| Amber is a young woman with a generous heart and courageous spirit. On Sept. 10 she embarked on what she calls "the biggest adventure of my life so far": to Mwanza on the shores of Lake Victoria in Tanzania to spend seven weeks volunteering at Forever Angels, a home for orphaned and abandoned babies, some healthy and some who are sick, HIV positive or terminally ill. 
Amber took our family along via e-mail. Her stories have brought tears, prayers and renewed awareness that life for many is not as we live it in this country.
A 2003 graduate of the University of San Francisco, Amber works as a pediatric oncology nurse and enjoys being part of an institution that offers resources and hope to children diagnosed with cancer, and their families. Social workers, dieticians, special teachers and financial help are available to support and monitor all aspects of life for her patients.
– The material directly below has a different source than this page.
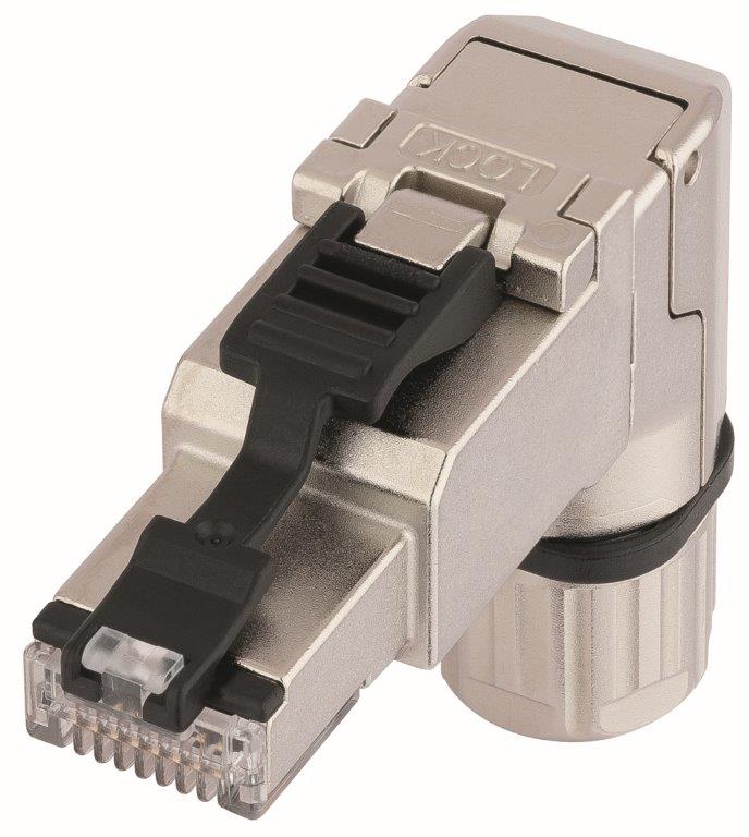 RJ45 field mountable Industrial Ethernet connector, straight or angled, IP20, qualified for up to 10 Gbit/s, colour-coded for TIA or PROFINET applications.

In working with these families, it dawned on Amber that there were children elsewhere in the world who did not have the medicine and expertise so readily available to children in her care. She searched for clinics that needed volunteers, but most commitments were longer than she was able to give. Finally she connected with Forever Angels.
"I wanted to help people that truly need help," Amber explains. "I wanted to try to make a difference in the life of a child and give them a chance to be successful in life. I wanted to give love and make them feel valued and important, the children that don't have these things for some reason or another." Her work at home fills this desire, but there was something calling her to serve poor children who are alone with no family.
Amber's messages are full of stories of the children. Some are heartbreaking. One little boy, a year old, was brought to the orphanage by a landlord. The boy's mother left him alone in their house for a long period of time. Malnourished but otherwise healthy, he is slowly warming up to the caregivers.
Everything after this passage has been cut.